Meski sukarela masih ada selentingan dari orang yang menyebut kalau mengajar di tempatnya harus bayar mahal.
Padahal belajar mengaji di tempatnya tak dipungut biaya apapun.
Biasanya yang berkomentar seperti itu lantaran belum kenal lebih dekat dengannya.
"Datang rutin saja sudah bayaran bagi saya sebab ada kepuasan tersendiri selama mengajar ngaji," terangnya.
Dia mengaku, memang ada orangtua yang memberikan uang kepadanya sebagai ungkapan terima kasih lantaran anaknya diajari mengaji.
"Kalau ada yang memberi uang biasanya buat subsidi silang dengan cara saya belikan air minum dan makanan yang nantinya disuguhkan saat acara tahlilan atau yasinan," terangnya.
Dia mengungkapkan, selama mengajari mengaji ke para tetangganya tak ada stigma negatif.
Sebaliknya para tetangganya sudah sangat percaya kepadanya.
Begitupun para pemuka agama di tempatnya tinggal tak ada gesekan apapun.
Kondisi lingkungan tanpa protes itu,menurutnya lantaran dia adalah warga pribumi di tempat tinggalnya.
Para warga sudah sangat kenal kepadanya.
Apalagi dia dari kecil hingga remaja sudah aktif di kegiatan keagamaan di lingkungannya seperti di remaja Masjid.
"Sampai sekarang saya masih ke Masjid dari salat Jumat dan tarawih," bebernya.
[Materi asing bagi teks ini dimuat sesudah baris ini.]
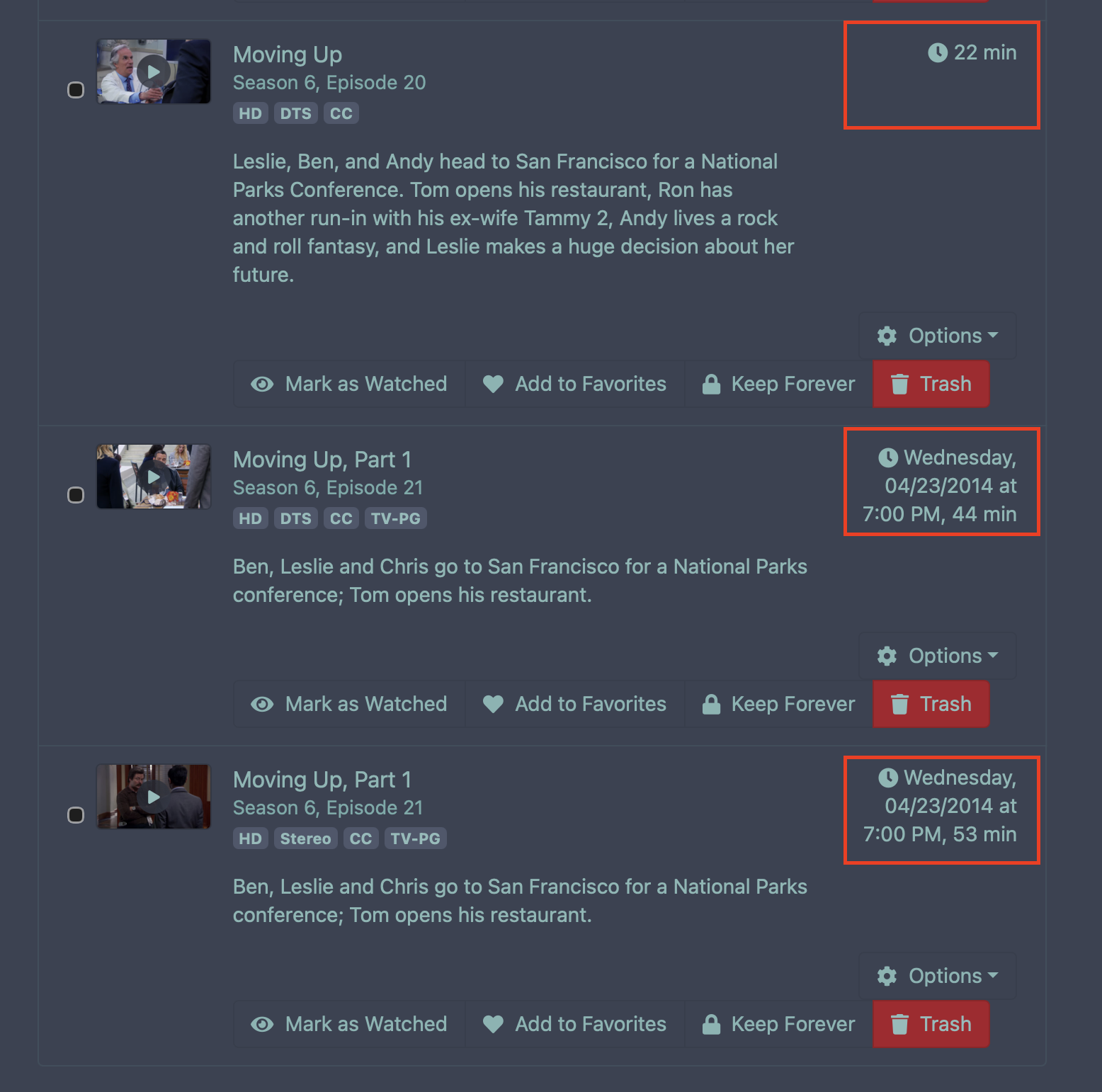 EDIT: The Season 6 episode is matched, but shows a strange date that other items do not show. There are 2 of the same episode because one is an extended episode, so the way it is listed for other media servers is an episode level special, which just matches as an episode on CDVR. There are other episodes like this but this issue is only on this one. The Reunion special is an unmatched special.

Kini, baginya, mengajar mengaji adalah sebuah kebahagian tersendiri.
Terutama melihat para muridnya yang antusias mengaji.
Bahkan dia merasa sedih saat beberapa kali aktivitas mengaji harus tertunda karena dia ada pekerjaan merias.
"Sewaktu harus tertunda itu saya merasa berat dan berusaha mengganti waktu mengaji pada malam hari kadang lelah pun tak terasa," paparnya.